Having students record and submit saves you time, but only if you use a system to quickly view and score/rank the auditions. I will delve more into that under how below.
It's much faster to review recorded auditions, with the right system, because there is no time wasted bringing each student in/out. Plus, you are not limited by time to actually listen to the students. My daughter ended up having a bad audition, partly because the director was rushed to get through all the vocalists.
Saves Classroom Time
Forever ago, when I was in school band, the director would take several entire class periods only to have students audition for next year's ensembles. Of course, "online" wasn't a thing then. Nevertheless, class time was sucked up.
Better for Some Students
Some students deal with considerable nerves playing/signing solo in front of their director. Especially when the stakes are high. Sure, solo playing is part their development, but it's not always useful when students are beginners (or play/sing like beginners). Yes, recording an audition can bring up the same nerves, but at least they can stop and try again.
Takes Away the Live Aspects
My last pro is our first con. Music is a performance, and being able to play a piece on-demand is important. Some students will record the audition 10-20 times to get it perfect. That's good practice but does reflect their real-life ability.

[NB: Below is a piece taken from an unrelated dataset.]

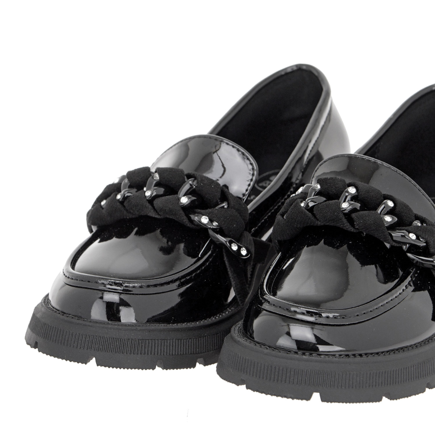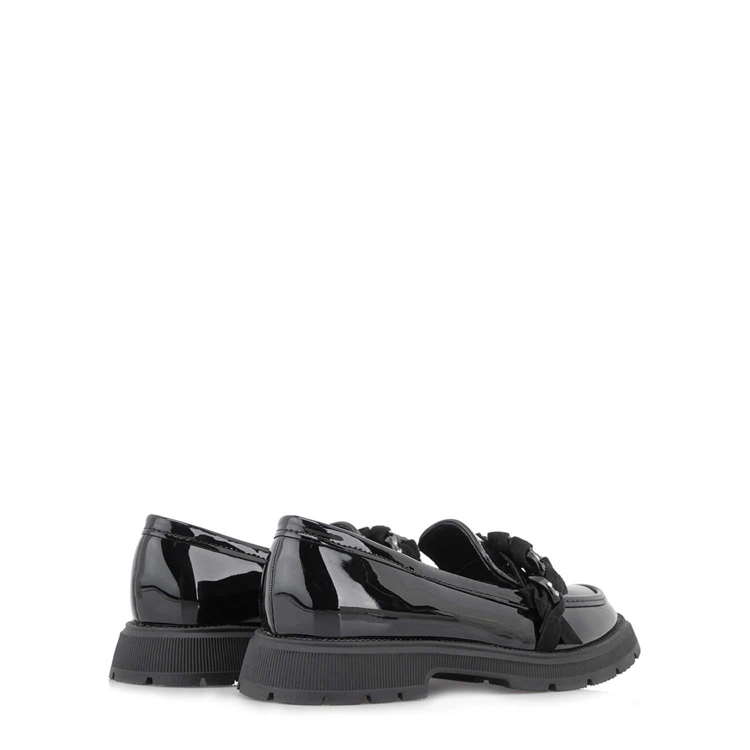 Exe παιδικό loafer, σε μαύρο χρώμα, κατασκευασμένο από λουστρίνι. Ύψος σόλας 3εκ.

Inequity in Recording Equipment
Today, most phone mics are sufficient for recording student auditions. The problem is if some students have access to superior mics and equipment. Imagine listing to five auditions in a row recorded through a built-in phone mic, then the next one on a $200 condenser mic. Even a cheap mic hooked up to a phone produces a far superior recording, which can sway your judgment.

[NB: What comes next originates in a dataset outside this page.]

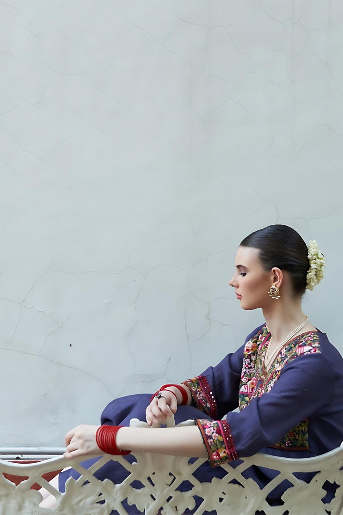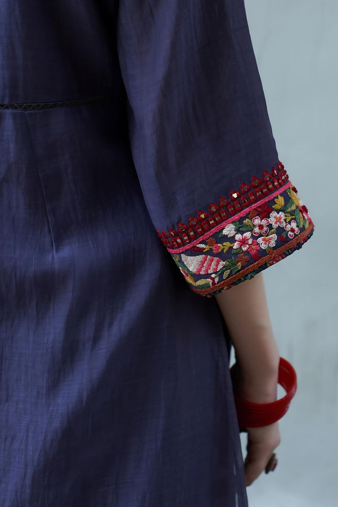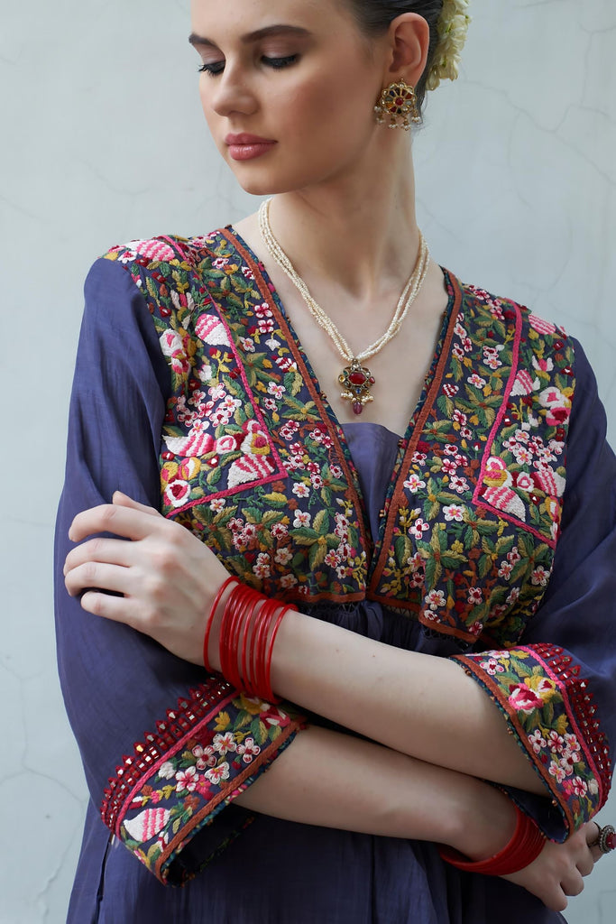 A dark purple Chanderi suit with crape lining features intricate thread embroidery on the chest, exuding elegance and tradition. The ensemble is paired with a sheer organza dupatta, adding a delicate touch. Perfect for festive events and formal gatherings, it combines luxurious fabrics with exquisite detailing.

I've chatted with a good number of directors concerned about cheating with recorded auditions, especially with state-level competitions. Personally, I believe, students submitting a recording performed by someone else, is rare. The more likely occurrences is students splicing together their good takes. I'll discuses hedging against cheating below.
Pros above require the right setup, both for you and students. Don't assume simply having students email you or uploading to your schools Learning Management System will save you time. Here are some tips.
Use a System Designed for This
Obviously, as the founder of Snap Audition, I'm going to recommend our system. If you don't use Snap, your options are going to be more generic. For example, use a feature in your school's Learning Management System. Use something like Jotform and have students upload their audio/video.
Hedge Against Cheating
To make it harder for students to cheat:
- It will be much easier to protect against cheating if you require video, and do NOT blind judge. With our system, Snap Audition, you can require video but have the system only play the video's audio while you're judging. Then, go back latter (under "Entrants") and verify the video.
- Instruct students to use one camera and forbid edits of the video. They can re-record, but they can't splice takes together.
- Instruct students to insure you can see their face and full instrument.
- Even if you ask for audio-only, tell them they can not splice takes together.